15 | Charmed

433 44 9
                                    


Out of sync

____________


Nia terbangun mendengar bunyi jam digital di nakasnya. Matanya memberi celah sebaris yang ia bisa ia gunakan untuk menangkap cahaya mengecek waktu. Masih pukul 6 pagi, ia mematikan dering itu secepatnya. Hari ini ia libur, ia tak ingin membuka mata lebar-lebar yang bisa mengusir kantuknya, masih memilih untuk melanjutkan tidurnya.

Baru pada pukul 9 lebih 38 menit ia bangun dengan sendirinya. Matanya terbuka dengan lebih ikhlas untuk menangkap cahaya. Kali ini ia sudah merasa tidurnya cukup, badannya terasa lebih segar. Nia menarik nafas panjang merenggangkan tubuhnya.

Mata Nia menangkap dress putih dan cardigannya yang tergantung di belakang pintu kamarnya. Ingatannya melayang pada hari kemarin. Semalam, setelah makan malam laki-laki itu tidak langsung mengantarnya pulang.

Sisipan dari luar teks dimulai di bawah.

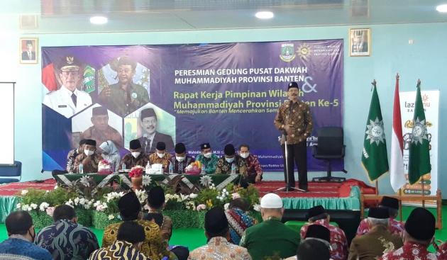 Gedung pusat dakwah tersebut diresmikan Sekretaris Umum Pengurus Pusat Muhammadiyah Abdul Muti sekaligus membuka Rapat Kerja Muhammadiyah Provinsi Banten ke-5 dengan tema 'Memajukan Banten Mencerahkan Semesta', Minggu (11/4/2021).
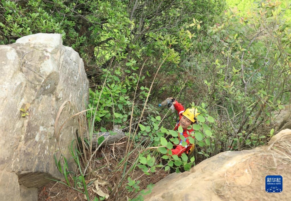 5月14日,張家界市武陵源區(qū)山地應(yīng)急救援隊隊員在叢林中撿拾垃圾。
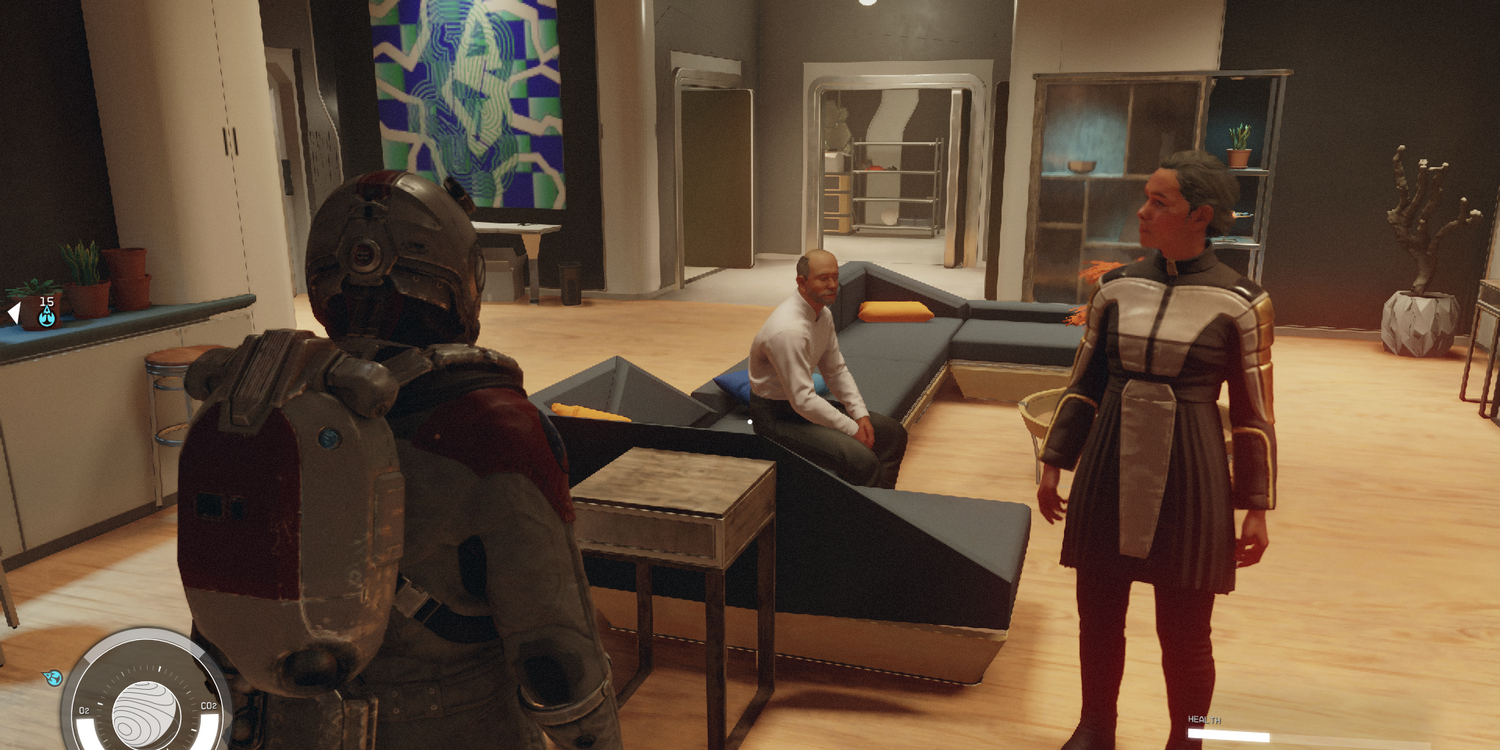 Sigue el pasillo una vez que estés fuera del ascensor e interactúa con la primera puerta que encuentres. Una vez que lo abras, deberías ver a tu padre bastante rápido, y él se sorprenderá al verte y llamará a tu madre. Él y tu madre hablarán contigo y podrás agotar el diálogo para contarles sobre tus aventuras y si has tenido un romance con un NPC en campo estelar todavía.
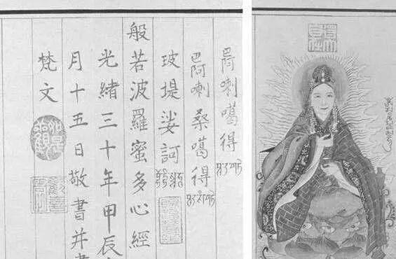 北京故宫博物院现藏有一件慈禧用朱砂抄写的《般若波罗蜜多心经》,落款为光绪三十年(1904年)。因抄写佛经须本人亲为才见诚意,方能有功德、得福报,故慈禧应该不会让人代笔。观此经文,笔力孱弱稚嫩,结字松散呆滞,毫无生气,尚属初学水平,与“复殿留景”相去不可以道里计。
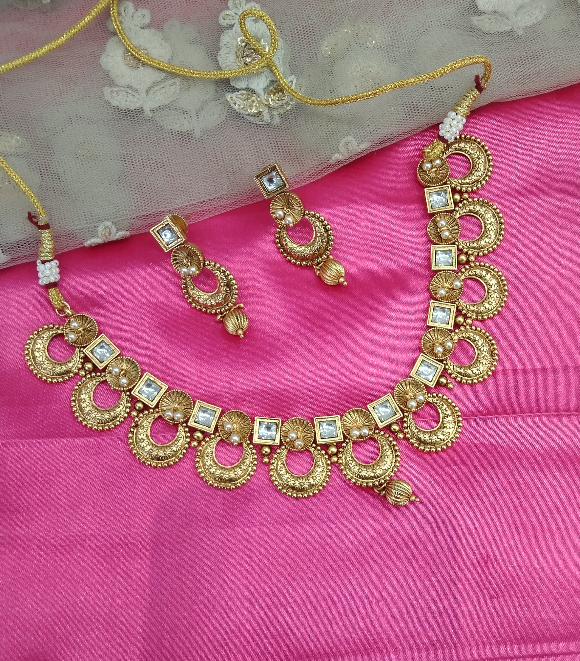 Gold Polki kundan Necklace Jewelry Brazil Set
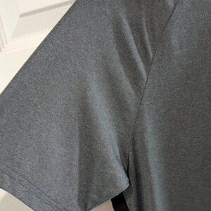 This Spyder men's short sleeve athletic top in size small features a modern color block design in black and charcoal gray with striking red accents. It has a crew neck, a unique zip pocket detail on the bottom left, and a form-fitting cut made from a breathable, lightweight, quick-dry blend of 91% polyester and 9% spandex. Pre-owned and in excellent condition, it measures approximately 18" from armpit to armpit, 27.5" from the center back of the neck to the hem, and 4" from the armpit to the sleeve cuff.
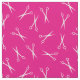 Hot pink fabric with a modern pattern of scissors in white. Perfect for barbers, hair dressers, and similar.
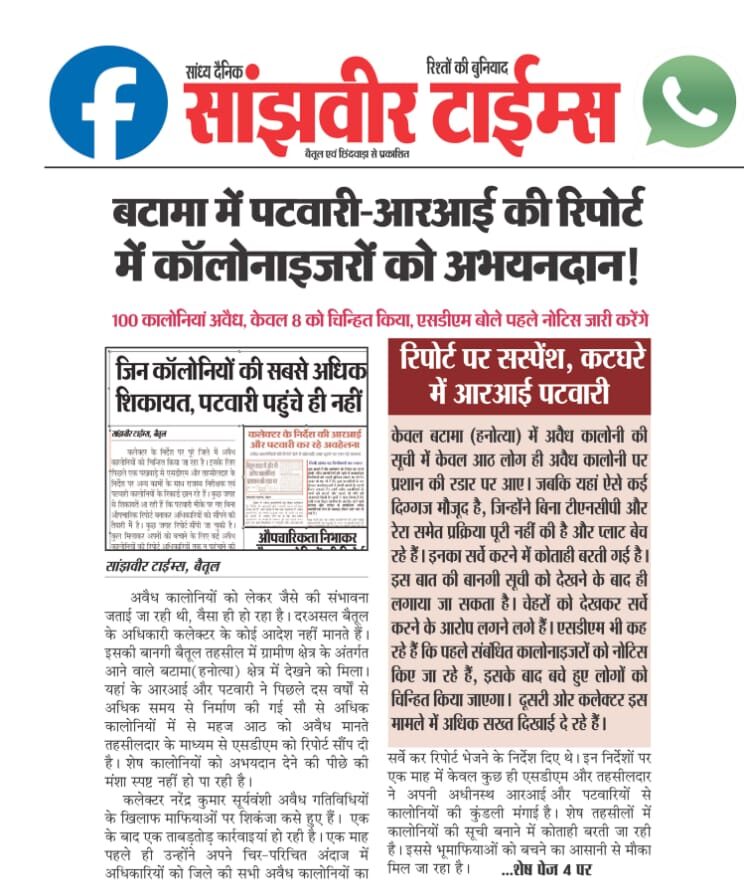 Betul Avaidh Colony News : मिलीभगत ने दिया कालोनियां बसाने का मौका
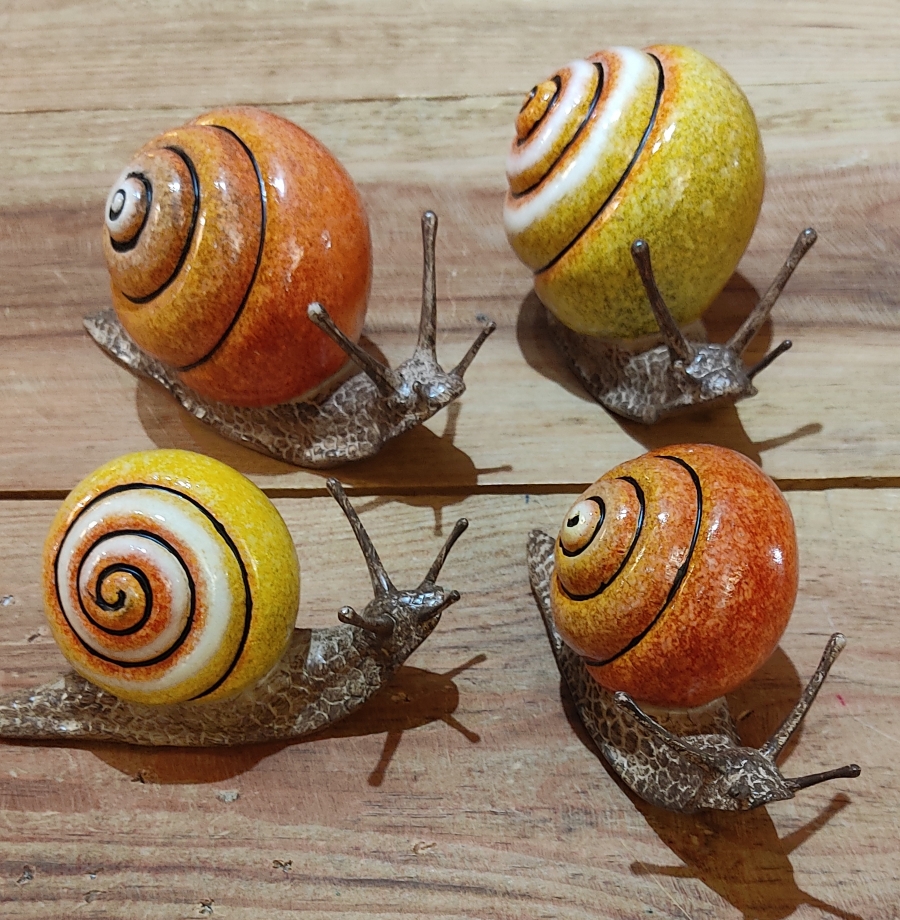 Escargot en résine, coquille de couleur jaune.

Setelah menyempatkan untuk tidur siang Nia baru bisa dengan teliti mengamati. Dari depan rumah William terlihat bergaya klasik khas perpaduan Eropa dan Indonesia yang berkembang di jaman generasi X. Ketika masuk Nia baru menyadari perbedaannya. Dibandingkan menggunakan ornamen interior seni yang detil, bangunan itu banyak diisi dengan gaya semi modern. Tidak serba hitam putih tetapi dengan lantai marmer kekuningan, dan furniture yang dipadukan antara kayu dan bahan modern menjadikan rumahnya terkesan lebih hangat.

Nia tahu, ada grand piano besar yang berada di ruang tengah, di belakang televisi. Sempat ia lewati sekilas kala memasuki rumah. Di belakang sini, di dekat pintu dapur, ada keyboard lebih kecil yang terpasang. William menancapkan kabelnya.

Pria itu mempersilakan Nia untuk duduk bersantai dulu. Nia mengambil tempat di sudut sofa yang menghadap kolam. Udara malam terasa lembut menerpa wajahnya, dari sana ia juga bisa menikmati kerlip bintang walau tak begitu terlihat sebab langit yang memerah terkena polusi cahaya ibu kota. Tak lama, alunan nada keluar dari keyboard. William menyanyikan salah satu lagu milik Sara Bareilles yang pernah ia pakai sebagai nada dering. Andai ponselnya masih menyala, ia ingin merekam suara itu.

William duduk di sampingnya tak lama kemudian. Ia bercerita kalau rumah ini adalah rumah masa kecilnya. Mami papinya membeli rumah di daerah PIK dan tinggal di sana. Saat ini kakaknya masih bersama suami di Singapura, sehingga hanya ia sendiri apabila ke Jakarta yang meninggali rumah ini. Ia memperkenalkan ada Bi Indah sama suaminya yang merawat dan membersihkan setiap hari. Dulu, apabila berkumpul, Arvin dan teman-temannya sangat suka main ke rumah. Lala juga pernah mampir ke rumah itu. Saat diantar pulang, Nia baru sadar jika jarak antara rumah William dan apartemennya begitu dekat. Tidak sampai 10 menit.

Nia mendudukkan dirinya. Ia mengambil ponselnya yang telah mati dan menyambungkan pada pengisi daya. Matanya kemudian teralih memandangi paperbag yang tergeletak begitu saja di lantai. Jemarinya terulur mengambilnya bingkisan. Jiji terlihat sangat lucu, ia mengeluarkan dari kotak dan meletakkannya di antara tanaman dan jam digitalnya. Berjejer dengan Totoro barunya. Sedang Ponyo, boneka kecil itu ia putuskan untuk tergantung di tas yang biasa ia bawa ke rumah sakit. Nia belum tahu harus membalas apa atas oleh-oleh ini.

Ia menyalakan ponselnya. Sembari menunggu, tangannya mengeluarkan kartu nama yang sudah ia masukkan sembarang ke dalam tas semalam. Acting Branch Director. Nia membaca alamat kantor William di Surabaya. Ponselnya bergetar beberapa kali sebab pesan masuk bertubi-tubi—rapelan sejak kemarin. Ada obrolan dari Devina dan Jean yang meributkan jadwal yang tidak masuk akal—terlalu banyak shift malam. Kemudian pesan dari William yang mengirimkan puluhan foto—hasil dari pilihan Nia sendiri. Sedikit, sedikiit sekali, timbul rasa menyesal tidak mengirimkan foto pria itu. William tampak lain saat liburan dan mengenakan baju kasual. Touchable. Ia menggelengkan wajah cepat merasa geli dengan pikirannya sendiri.